Und heute? Kurz gesagt, ich bin glücklich. Glücklich, Dieter Böhm kennen gelernt zu haben. Glücklich über dieses musikalische Highlight. Glücklich, schon Karten für die nächste Tour zu haben. Warum?

J’ai planté une note sur une île déserte
Une note d’espoir pour un avenir

Diese Insel der Ödnis, manchmal in unserem Herz, darin diese Noten eingepflanzt. Mit jedem Ton wächst die Kraft, die Hoffnung, die Zuversicht. Und, je öfter genossen, desto tiefer diese Gefühle. Weite Ebenen, weiter Horizont. Das blaue Feuer der Liebe unter dem blauen Feuer des Himmels. Tiefes Einatmen, befreite Brust. Jeder Ton, jede Note, am richtigen Ort, begleiten den Hörer auf dieser Reise. Diese Reise durch den wilden Ozean, den man Leben nennt. Von Insel zu Insel, die immer weniger wüst und leer sind. Die sich füllen mit Grün, mit Hoffnung. Die sich füllen mit dem Blau der Harmonie und des Vertrauens. Und in der Ferne der Sehnsucht vereinen sich Himmel und Ozean.

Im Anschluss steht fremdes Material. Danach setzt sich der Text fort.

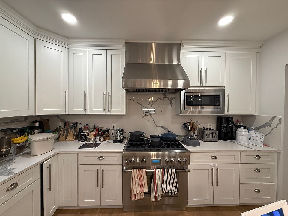 NO FEE AND 1/2 MONTH RENT FREE. Experience refined living in this multi-generational living or one spacious family condo near the Longwood Medical Area, top schools, train and downtown.The main floor features an open-concept layout with a chef's kitchen boasting Thermador appliances, quartz countertops, a grand island, & a walk-in pantry. The living room with gas fireplace flows seamlessly into the formal dining area, ideal for entertaining. The primary suite includes a walk-in closet & spa-inspired bath with double vanity and glass-enclosed shower. A second bedroom with a private bath & a home office complete this level. Connected by an interior staircase, the lower level offers a kitchenette, two bedrooms, two full baths, living area and a 2nd laundry area perfect for guests or extended family. A private patio with a built-in outdoor kitchen enhances this home's exceptional appeal. A rare opportunity to experience a luxurious, flexible home in one of Brookline's most desirable location! Hardwood floor, AC & parking
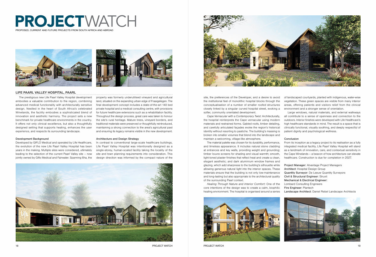 Conclusion From its inception as a legacy project to its realisation as a fully integrated medical facility, Life Paarl Valley Hospital will stand as a landmark of innovation, care, and contextual sensitivity in the Cape Winelands – a beacon of how architecture can elevate healthcare. Construction is due for completion in 2027.
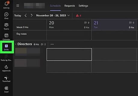 Click Shifts in the left-hand menu bar. If you use Teams with an organizational (school or work) account, you should have access to the Shifts app. It’s located in the left menu bar in Teams for desktop or the web. If you don’t see it, click See more apps •••. What you’re able to do with Shifts depends on your role in the team. If you’re a team owner, you can schedule shifts for your team members. If you’re a team member, you can view, swap, or request shifts, but you can’t create or edit them. The instructions below are primarily for team managers assigning shifts to their team members.

Bei jedem Hören habe ich dieses Bild hier vor Augen, als wäre die Musik genau so geschrieben und gespielt worden, dies Gemälde zu begleiten.

 

Under the Roof of Blue Ionian Weather, painting by Sir Lawrence Alma-Tadema, 1898-1901, Privatsammlung

 

Dafür reichen einfachste Mittel, kaum noch Prog, einfach nur wunderbare Songs. Songs, die schmeicheln, kratzen, schmusen, beißen. Runde Songs, ätherische Songs, dennoch handfest und greifbar. Musik als Triumph des Gefühls, Musik als Euphorie, als Hochgefühl und Glück. Töne der Heilung, Klänge als Medizin.

Ich habe ´Le Fantastique Envol De Dieter Böhm´ jetzt schon in einer Woche öfter gehört als ´Saison 8´ in den zwei Jahren seit Erscheinen. Das ist der Befreiungsschlag nach dem etwas blutleeren Vorgänger. Und es ist ein Nackenschlag für alle, die meinen, progressiver Rock sei gefühllos und kalt und besteht aus aneinandergereihten Tönen und Breaks, gemacht für Mathematiker und Musikstudenten. In seiner bestechenden Simplizität ist das hier die wahre progressive Rockmusik.

Les chansons sont des bouteilles à la mer

Und darum vergebe ich die vollen 10 Punkte.